Jenis-jenis Mouse Komputer-Laptop dan Fungsinya

Perkembangan teknologi menjadikan spesifikasi dan kemampuan kerja komputer terus mengalami peningkatan, begitu juga dengan berbagai perangkat eksternal yang mendukung kinerja komputer. Sehingga jenis-jenis keyboard, sound sitem dan jenis mouse komputer dari waktu ke waktu mengalami perubahan ke arah peningkatan.

Dalam tulisan ini akan dibahas secara khusus tentang jenis mouse komputer dan fungsinya, mengingat fungsi dari perangkat peripheral komputer ini sangat penting dan dalam perkembangannya telah mengalami perubahan bentuk serta peningkatan kemampuan.

Baca juga: Jenis-jenis keyboard dan fungsinya.

Secara sederhana mouse dapat diartikan sebagai perangkat eksternal komputer yang fungsi utamanya sebagai pointing device, yaitu menggerakkan pointer untuk kemudian diproses oleh sistem menjadi gerakan kursor pada screen monitor.

Perangkat sejenis mouse pertama kali diketemukan pada tahun 1963 oleh Douglass Engelbart. Terbuat dari bahan kayu dengan ukuran yang cukup besar. Setelah melalui sejumlah penelitian, terciptalah mouse modern yang dikenalkan di hadapan publik oleh perusahaan Xerox Alto pada tahun 1973.

Pemberian nama mouse yang dalam bahasa Inggris memiliki arti tikus, mengacu pada bentuknya yang memang menyerupai bentuk tikus lengkap dengan ekornya berupa kabel yang panjang. Namun demikian tidak ada yang tahu, siapa yang pertama kali menyebut perangkat ini dengan nama ‘mouse’.

Seiring dengan berjalannya waktu, mouse modern tersebut terus dikembangkan sehingga jenis-jenis mouse semakin beragam, seperti jenis mouse gaming, jenis mouse wireless dan sebagainya.

Tentunya jenis-jenis mouse tersebut masih akan terus berkembang seiring dengan perkembangan teknologi.

Inilah jenis-jenis mouse yang dahulu dan masih digunakan hingga saat ini:

Mechanical Mouse

Jenis mouse komputer generasi pertama ini diluncurkan pertama kali pada 2 Oktober 1968 oleh Telefunken, sebuah perusahaan perangkat komputer dari Jerman. Sistem kerja mouse ini menggunakan trackball atau bola kecil pada bagian bawah yang berfungsi sebagai sensor pendeteksi gerakan.

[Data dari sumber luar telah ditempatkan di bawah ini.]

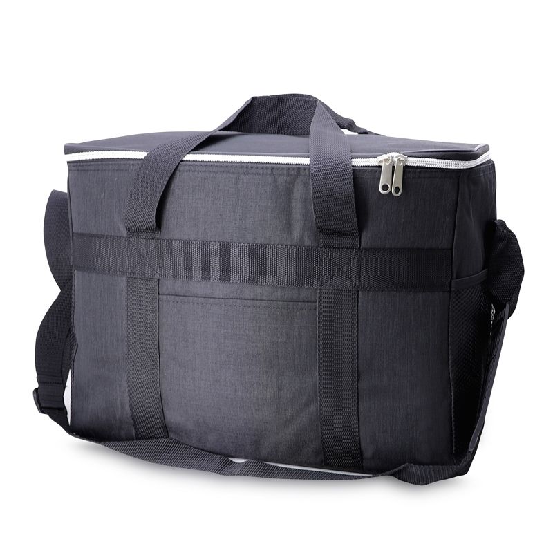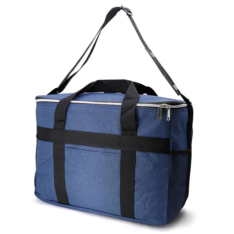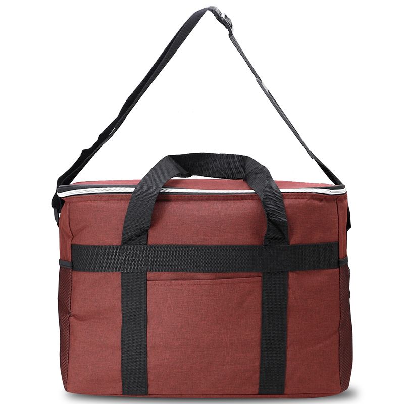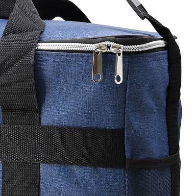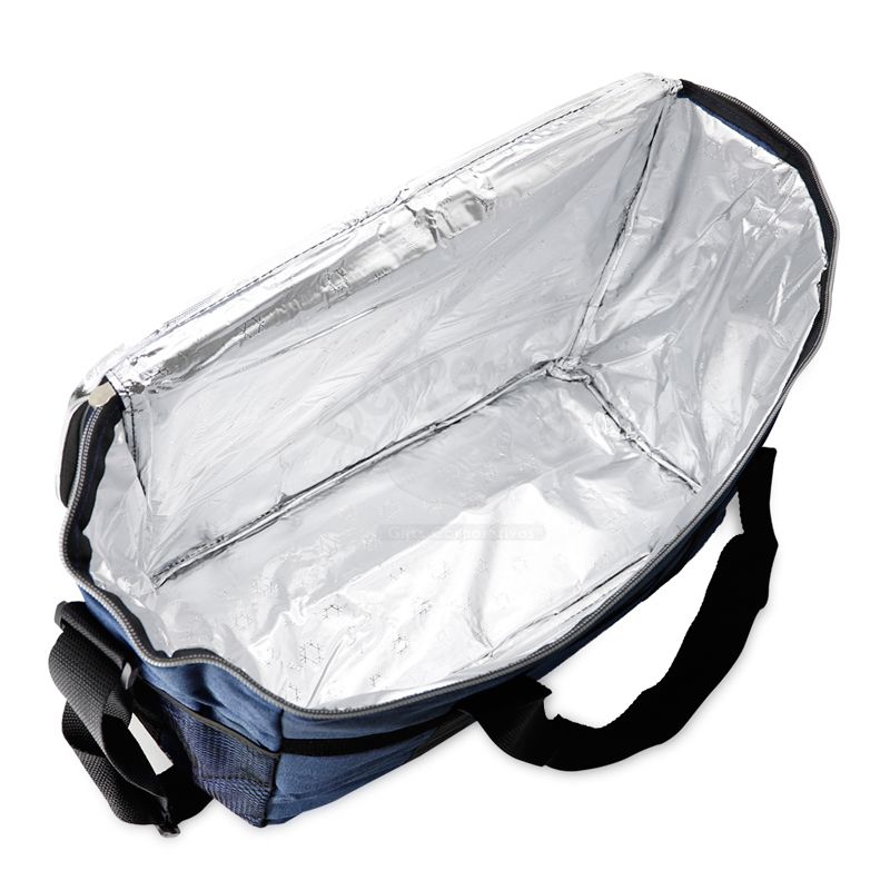 Bolsa térmica personalizada produzida em nylon. Possui área interna com revestimento térmico ideal para manter / conservar a temperatura dos alimentos e bebidas por mais tempo, bolso frontal externo, tampa com fechamento por zíper duplo, alça ajustável de ombro e alça de mão para transporte. Ideal para brindes promocionais e eventos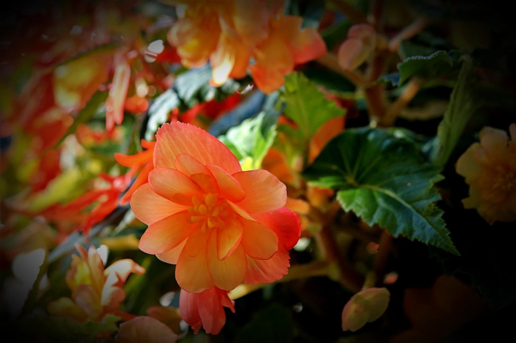 What is not to love about begonia’s ? They are one of the easiest plants I know. They come in all kinds of colours and shapes of flowers and leafs. It’s a bulb you plant frostfree in early Spring, once the frosts are gone you can put them outside in a shady place, they can manage a bit of sun but then you have to water them more. In Autumn after the first frost you remove them out of the ground or pot they are in, remove the soil around the bulb and put them in a newspaper in a cool frostfree place and the next year you get them out in early Spring ( you’ll notice they already have some new shoots !) and you start all over again. You can repeat this for many decades, they will always perform, always.
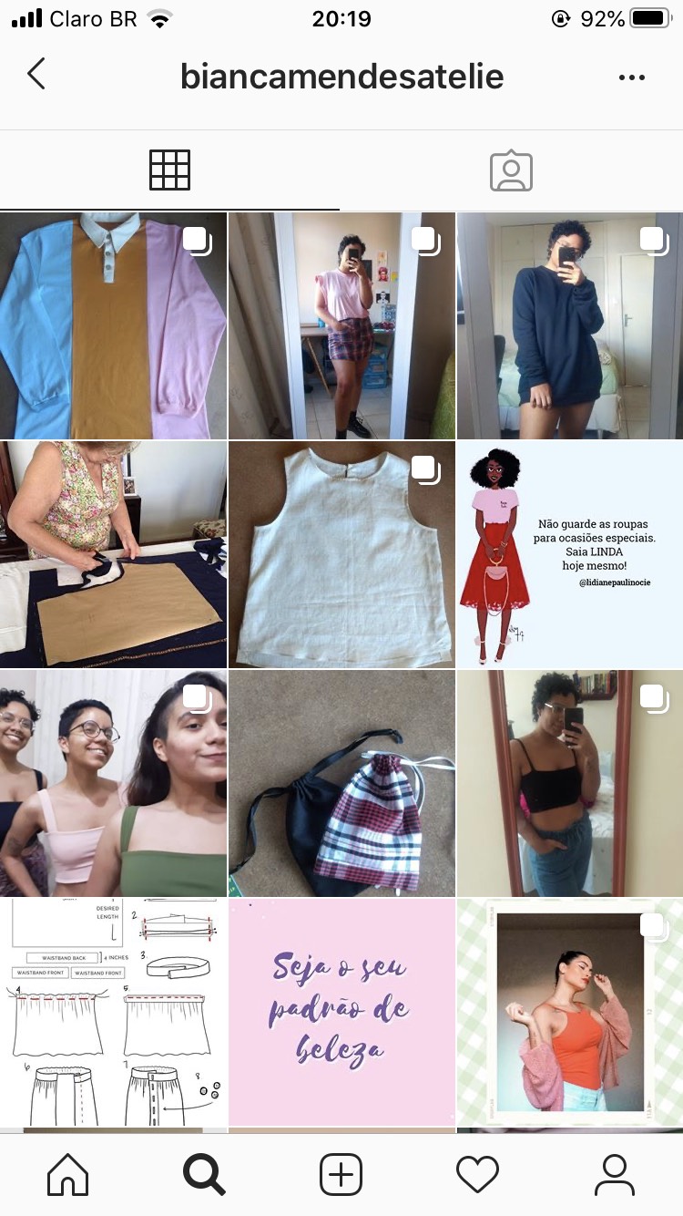 Mas a harmonia do violão não é a única que ecoa no Distrito Federal. Aos 24 anos, recém formada e frente à pandemia, Bianca Mendes se desdobra na máquina de costura, e faz do seu quarto, um ateliê. Modelista e costureira, a jovem precisou se restabelecer após perder o emprego. O apoio que Bianca encontrou está nas redes sociais. Com tempo e vontade, a profissional confecciona peças em casa e de quebra compartilha tudo através do Instagram. “Tive que me reinventar, começar a publicar nos stories, mostrar a rotina e processos de cada peça que eu estava fazendo. Durante março e abril o trabalho deu uma parada, mas logo depois foi voltando aos poucos,” conta a jovem.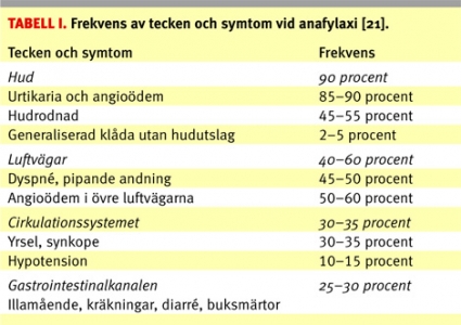 Symtomen vid anafylaxi visar sig framförallt i huden, gastrointestinalkanalen, luftvägarna och kardiovaskulära systemet. Tabell I visar symtomfrekvensen baserat på en sammanställning av 1865 patienter [21]. Generaliserad urtikaria och angioödem är de vanligast förekommande manifestationerna vid anafylaxi. Patienterna beskriver ofta en initial känsla av hotande undergång, följt av klåda och hudrodnad. Vid snabbt progredierande anafylaxi kan dock hudsymtomen dröja eller saknas helt [15].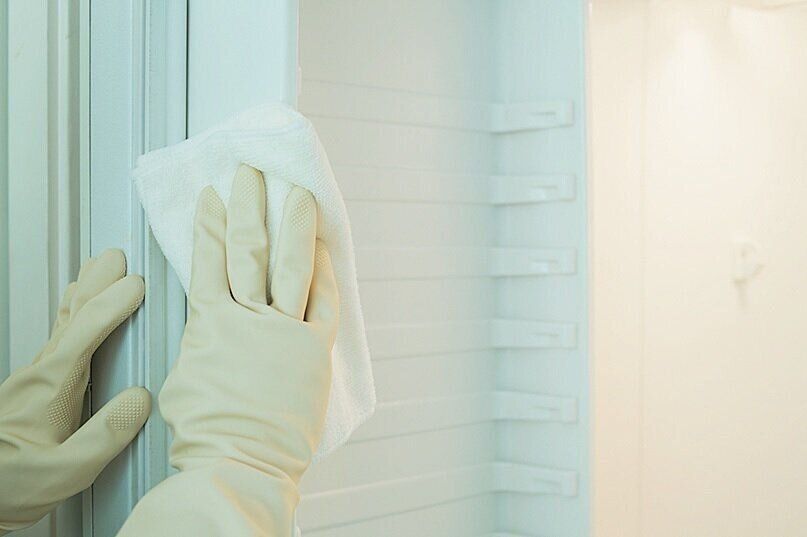 マイクロファイバークロスにアルコール除菌水を吹きつけて、庫内全体を拭く。調味料がこびりついた汚れなどは、湯でゆるませてから拭くと落ちる。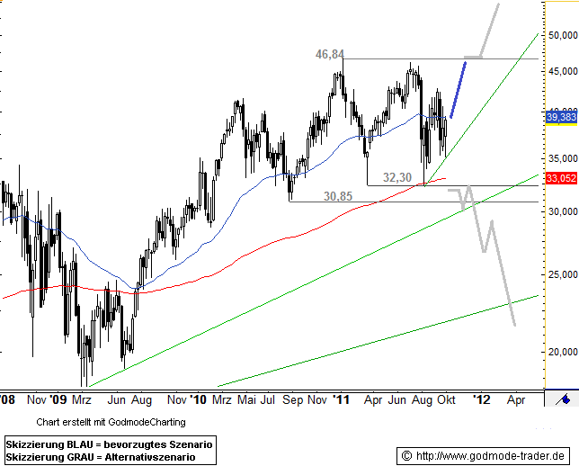 Im Januar 2011 erreichte die Aktie ihr aktuelles Allzeithoch bei 46,84 Euro. Danach kam es zu einem dieser größeren Rückschläge. Die Aktie fiel bis März 2011 auf 32,30 Euro zurück. Diese beiden Marken, das Hoch bei 46,84 Euro und das Tief bei 32,30 Euro, stellen die Begrenzungen einer breiten und volatilen Seitwärtsbewegung dar. Im August setzte die Aktie auf der unteren Begrenzung auf. Seitdem befindet sie sich in einer kurzfristigen Aufwärtsbewegung.

Trackball tersebut dapat digerakkan ke segala arah dan setiap kali bola bergerak, sensor di dalam mouse akan mendeteksi setiap gerakan serta menterjemahkannya ke dalam bentuk pointer di layar monitor untuk menggerakkan cursor.

Mouse jenis ini sudah sejak lama ditinggalkan oleh para pengguna komputer karena memiliki sejumlah kekurangan. Beberapa kekurangan tersebut diantaranya: harus menggunakan mouse pad sebagai alas, harus sering membersihkan bola dari debu agar tidak menghambat putaran dan memiliki tingkat akurasi yang rendah.

Optomechanical Mouse

Boleh dibilang jenis mouse komputer ini merupakan penyempurnaan dari Mechanical optical karena untuk menggerakkan sensor masih menggunakan trackball atau bola kecil pada bagian bawahnya.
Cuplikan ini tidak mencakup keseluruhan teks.